American comedian and actor (born 1976)

Timothy Richard Heidecker (/ˈhaɪdɛkər/; born February 3, 1976) is an American comedian, writer, director, actor, and musician. Along with Eric Wareheim, he is one half of the comedy duo Tim & Eric.

As an actor, Heidecker's filmography includes roles in Bridesmaids (2011), Tim and Eric's Billion Dollar Movie (2012), The Comedy (2012), Ant-Man and the Wasp (2018), and Us (2019). He currently hosts the parodic film review web series On Cinema, with Gregg Turkington, and hosts a weekly call-in show, Office Hours Live with Tim Heidecker, with DJ Douggpound and Vic Berger.

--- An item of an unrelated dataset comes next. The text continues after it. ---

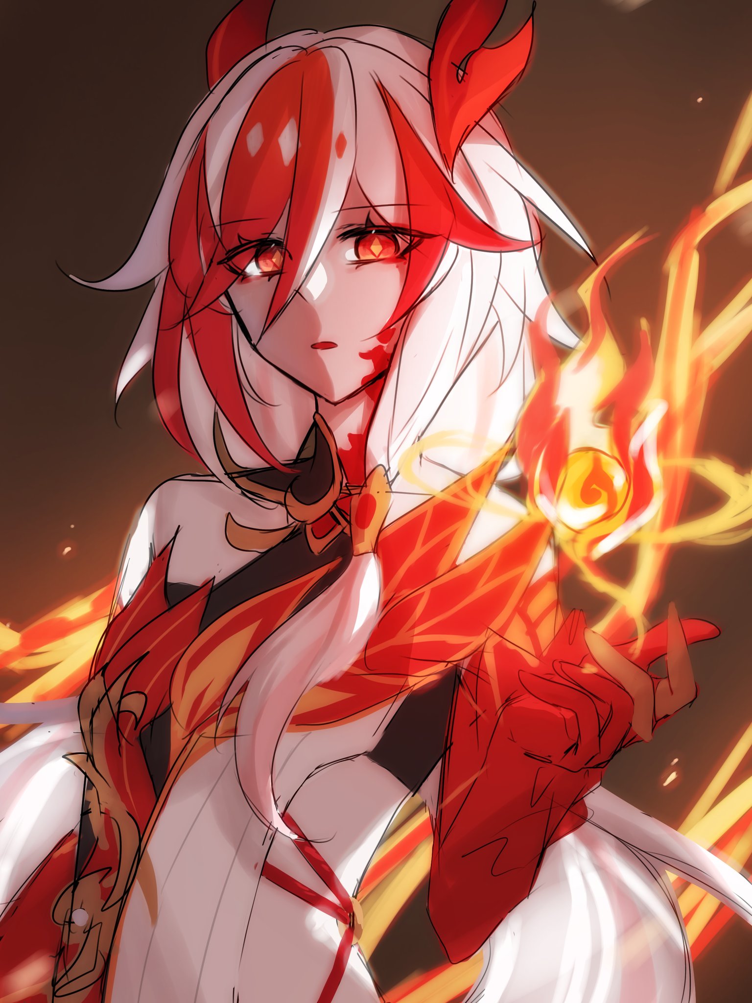 1girl bare_shoulders chinese_clothes commentary_request diamond-shaped_pupils diamond_(shape) fire fu_hua fu_hua_(garuda) gloves hair_between_eyes hand_up highres honkai_(series) honkai_impact_3rd korean_commentary long_hair looking_at_viewer mmaayyooccaatt multicolored_hair open_mouth red_eyes red_gloves red_hair red_scales solo streaked_hair symbol-shaped_pupils two-tone_hair upper_body very_long_hair white_hair yellow_pupils

In April 2026, Heidecker was announced as creative director of the satirical Infowars reboot by The Onion.

Heidecker is also a singer-songwriter, having released a blend of comedy rock and more earnest folk rock across an eight-album solo discography. His latest album, Slipping Away, was released in 2024.

==Early life and education==
Heidecker was born in Allentown, Pennsylvania, on February 3, 1976. He attended and graduated from Allentown Central Catholic High School in Allentown, then attended Temple University in Philadelphia, where he met his comedy partner Eric Wareheim.

==Career==
===Television===
Heidecker and Wareheim created, wrote, and starred in Tom Goes to the Mayor, a limited animation series that aired from November 2004 to September 2006 on Adult Swim. Heidecker plays Tom, the protagonist of the show who continually brings his ideas to the Mayor (played by Wareheim) only to have them thwarted in most cases, leaving Tom worse off than when he started. According to their website, Wareheim and Heidecker had mailed copies of an early version of the show to comedian Bob Odenkirk, who agreed to take on the project as the executive producer of the series and sold it to Adult Swim.

The duo's second show, Tim and Eric Awesome Show, Great Job!, premiered in 2007, on Adult Swim. They also created and starred in Tim and Eric's Billion Dollar Movie, and appeared together as debt collectors on the Adult Swim special Young Person's Guide to History and have made guest appearances in the movie Let's Go to Prison, as well as the Scottish video game series VideoGaiden and a Version 2 episode of Mega64. Heidecker also had a small role in the 2011 film Bridesmaids, and a leading role in the 2012 independent drama The Comedy, directed by Rick Alverson and also starring Wareheim. In July 2012, Heidecker starred in an episode of Workaholics. In 2012, he guest starred in Dinosaur Jr.'s music video "Watch the Corners". In the same year, Heidecker made a cameo appearance on the independent movie reviewing site, Red Letter Media. Heidecker appeared in an episode of the RedLetterMedia series, "Half in the Bag." The episode is titled "Season Finale: Step Up Revolution." Within the short sketch comedy, Heidecker plays a VCR repairman named "Tim". Shortly after his introduction into the scene, he flies through the ceiling and makes his exit from the skit.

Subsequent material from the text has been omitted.